Hmmm...

I feel that this is a little unfair towards GrandStream and other like vendors. Any vendor on the market has issues with their firmware, I can list many:

Sipura/LinkSys SPA 841 (Latest firmware):
1. Phone doesn't re-register upon network loss
2. Phone firware becomes stalled, without any indication of an error while all functions continue working
3. Transfer function doesn't work as it should
4. MWI doesn't always work correctly
5. I can really go on and on...

WellTech (Latest firmware):
1. Support for g729 is buggy
2. Echo cancel is buggy and causes ATA to crash
3. IP phones have no ability to re-configure the function keys on the box
4. Transfer/Conference buttons don't do anytning

I can go on and on with other vendors, including Cisco, Nortel and more. The thing I'm saying is that any phone you'd test would run into issues at some time or other - claiming to stay away from one or another causes you to not even consider alternatives, thus at the end, you reach the Microsoft way of
thinking.

Last week, I got a phone to test with called a MicroNet. Actually, I got 3 phones, all from Micronet. I started them up, found out that 2 of them were actually WellTech phones (well, the shape told me, I hoped the firmware will be different, but I found out wrong). The third phone was different. It's called a Micronet SP5106 which to my surprise, worked almost flawlessly out of the box. It took me a while to configure the network correctly, and to understand the logic of the menu, but after that, the rest was easy. Transfer, 3-Way conference, Forward, DND, VoiceMail button, everything worked. What didn't work was configurable from the web backend - in other words: I couldn't find a flaw (yet). The only flaw I did find was this: the phone has the ability to connect to 3 SIP accounts at the same time. Upon defining a new account, you need to physically RESET the phone, other than that, the phone works
just fine.

I'll be posting a full review on my blog at http://www.net-gurus.net

Regards,
 Nir S

Vahan Yerkanian wrote:
Stay away from Grandstream and AddPac. These are some of the companies with undereducated software developers that have problems with understanding written english, mainly the SIP RFC documents. I learned this the hard way, wasting half a year with helping them fix problems which shouldn't be there if they have had read/implemented the RFC correctly.
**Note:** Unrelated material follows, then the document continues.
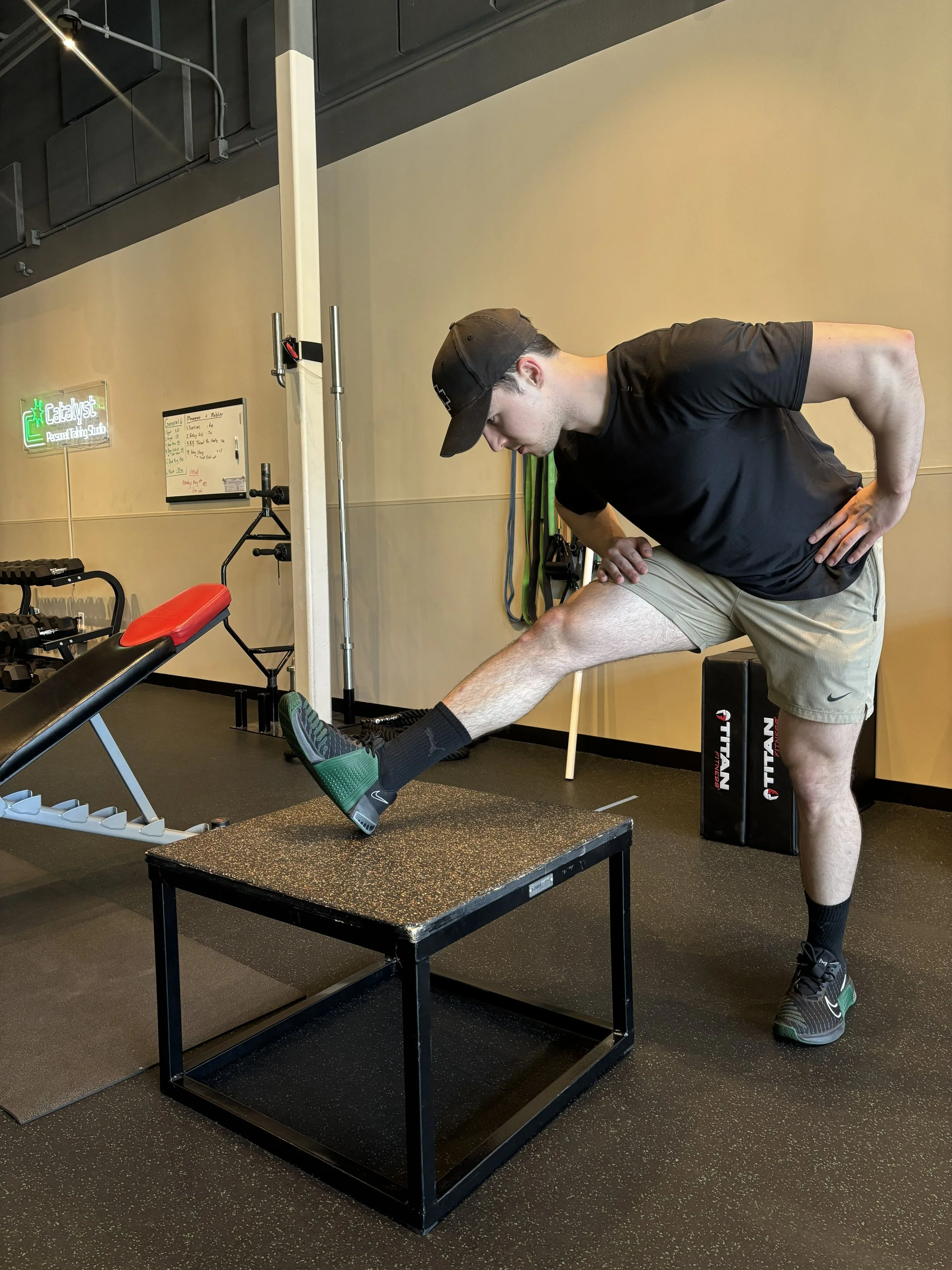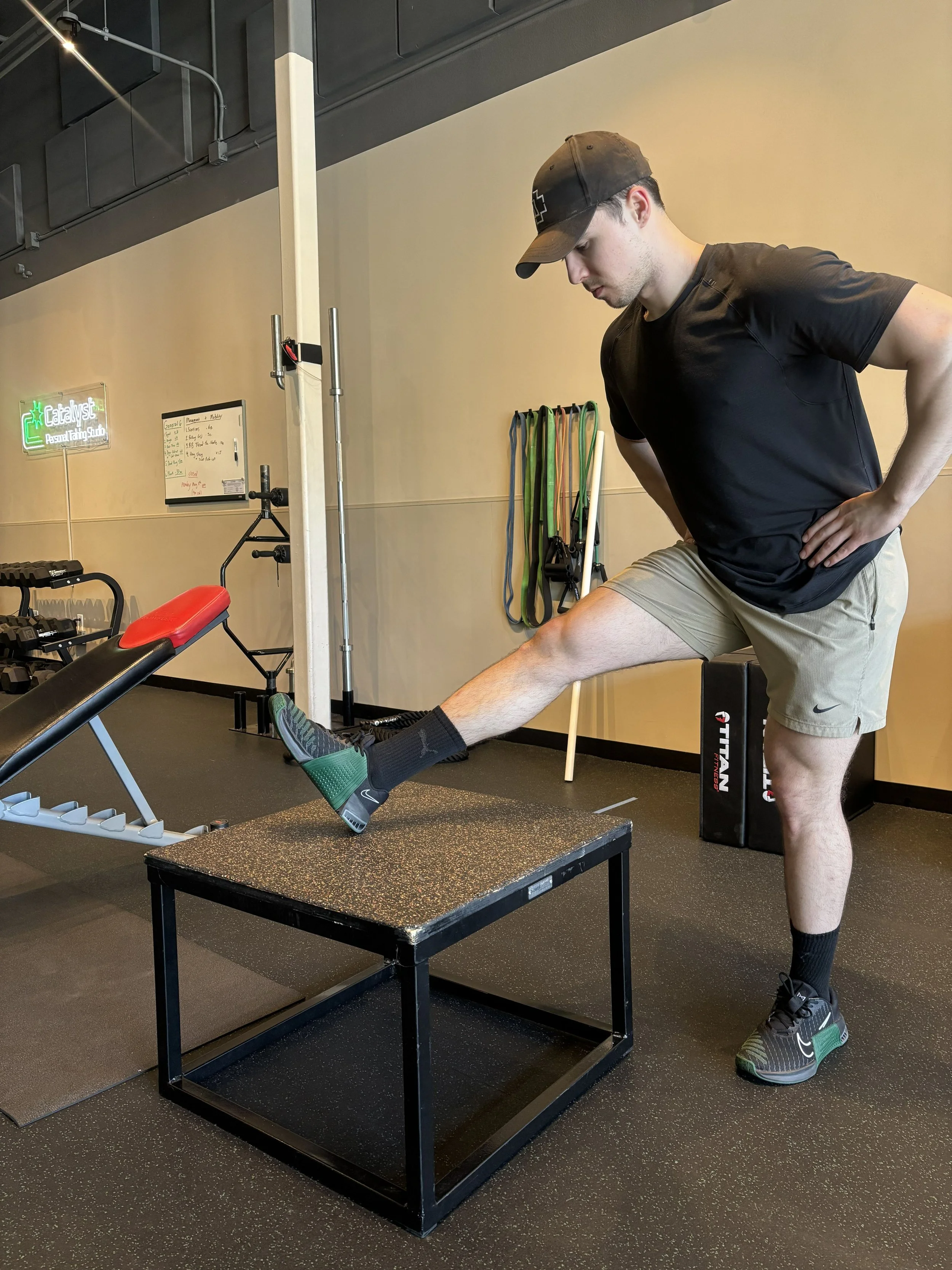 Following the initial stretch, engage the hamstrings by driving the heel down into the box for a few seconds.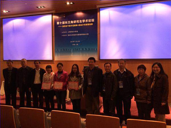 11月12日,在会计系的精心组织下,由柏檀老师带队的3名新入学研究生参加在上海同济大学召开第10届长三角研究生学术论坛。长三角学术论坛是江浙沪地区最为活跃与高级别的学术组织,成员包括复旦大学、上海交通大学、浙江大学、同济大学、上海财经大学等著名院校,涵盖了长三角地区所有会计学科研究生培养单位,旨在为会计学科的研究生提供良好的学术交流平台。我校会计系首次参会,并取得1名2等奖、2名3等奖,相应地指导教师也获得优秀指导教师奖项。

Basically, they sell beta quality hardware and then you co-share their final firmware development costs by providing free testing/QA. I blame their sales management for pushing developers to release without proper testing.
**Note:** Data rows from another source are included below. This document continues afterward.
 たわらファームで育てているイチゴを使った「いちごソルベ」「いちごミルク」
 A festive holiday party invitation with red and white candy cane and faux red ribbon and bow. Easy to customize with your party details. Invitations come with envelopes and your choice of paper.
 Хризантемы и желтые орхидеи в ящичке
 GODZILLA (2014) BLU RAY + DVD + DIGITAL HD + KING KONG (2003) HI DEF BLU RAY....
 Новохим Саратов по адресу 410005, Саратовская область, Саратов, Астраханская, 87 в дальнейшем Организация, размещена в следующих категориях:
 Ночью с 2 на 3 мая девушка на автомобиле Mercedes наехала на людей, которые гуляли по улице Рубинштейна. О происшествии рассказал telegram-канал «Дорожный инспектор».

GXP2000 is much more buggy echo-can wise than the earlier models.

For now, I'm back to more expensive equipment. We're not that rich to pay twice.

HTH,
Vahan


Avi Miller wrote:
Brian Capouch wrote:

They don't perform as well as the expensive Ciscos and Polycoms, but many of us are using them in a variety of circumstances quite happily.


I have 4 of them in a small office (GXP2000) running 1.0.12 and they're just fine for our purposes. As Brian said, YMMV. For our 60-person office in Sydney, I'm probably going to use a mix of Polycom/Grandstream and softphones.